**Provided data**
▶
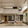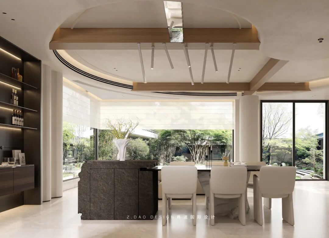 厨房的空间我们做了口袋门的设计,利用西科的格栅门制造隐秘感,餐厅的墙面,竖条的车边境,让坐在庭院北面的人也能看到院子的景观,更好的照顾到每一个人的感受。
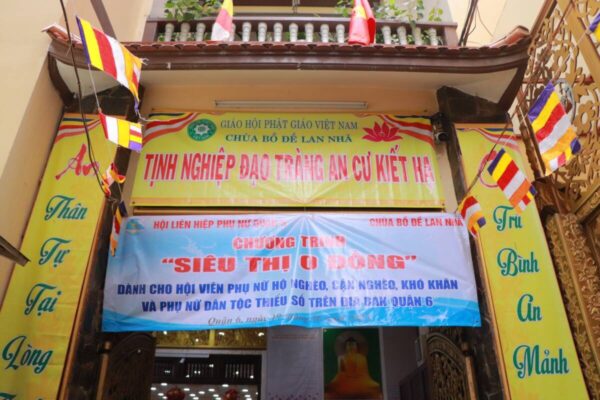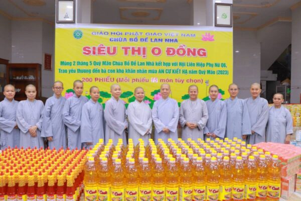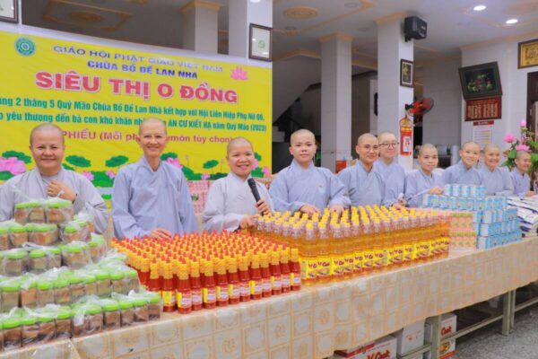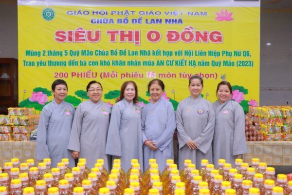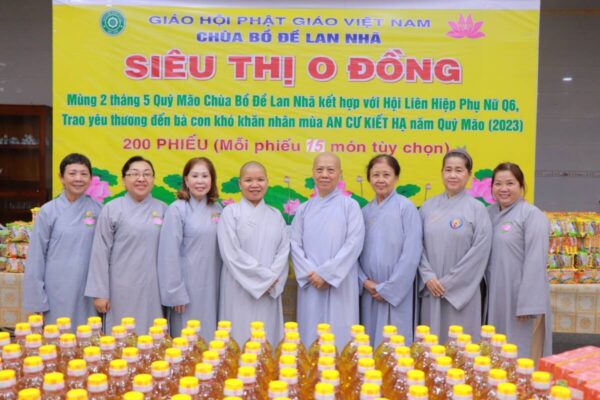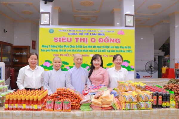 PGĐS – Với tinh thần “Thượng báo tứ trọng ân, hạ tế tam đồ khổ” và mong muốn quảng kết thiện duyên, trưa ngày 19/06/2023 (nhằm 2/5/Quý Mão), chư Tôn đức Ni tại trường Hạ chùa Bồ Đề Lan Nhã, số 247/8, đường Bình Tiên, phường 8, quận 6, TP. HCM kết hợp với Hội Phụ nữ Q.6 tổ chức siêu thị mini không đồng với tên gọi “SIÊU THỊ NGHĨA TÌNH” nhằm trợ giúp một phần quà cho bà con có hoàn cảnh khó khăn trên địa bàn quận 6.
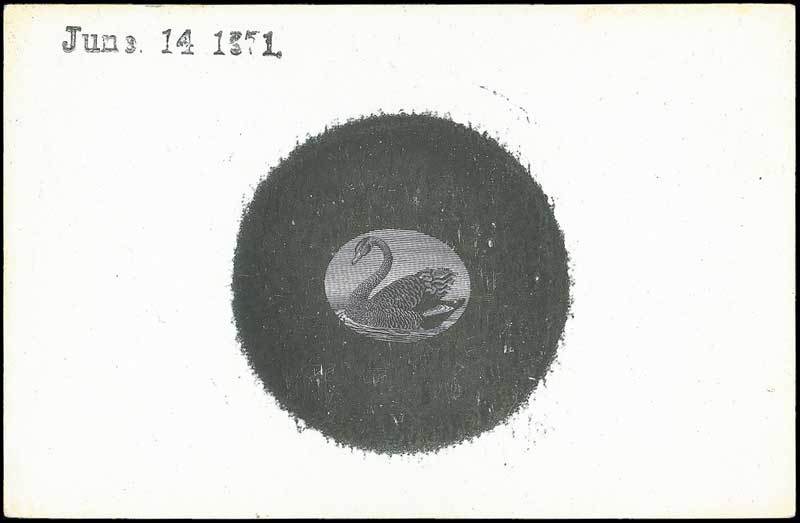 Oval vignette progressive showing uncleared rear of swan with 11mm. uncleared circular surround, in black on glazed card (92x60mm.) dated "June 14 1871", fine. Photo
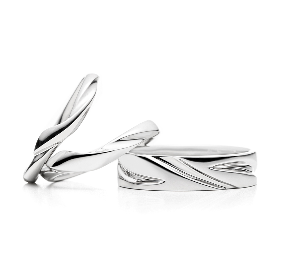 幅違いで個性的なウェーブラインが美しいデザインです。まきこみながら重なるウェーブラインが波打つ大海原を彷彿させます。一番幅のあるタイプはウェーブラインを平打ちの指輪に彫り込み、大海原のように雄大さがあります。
◀
**Activity**
From the line holding "Oval vignette progressive" to the last line of the listing, please output each line exactly as it stands. Pictures stay out of the copy.

**Answer space**
 Oval vignette progressive showing uncleared rear of swan with 11mm. uncleared circular surround, in black on glazed card (92x60mm.) dated "June 14 1871", fine. Photo
 幅違いで個性的なウェーブラインが美しいデザインです。まきこみながら重なるウェーブラインが波打つ大海原を彷彿させます。一番幅のあるタイプはウェーブラインを平打ちの指輪に彫り込み、大海原のように雄大さがあります。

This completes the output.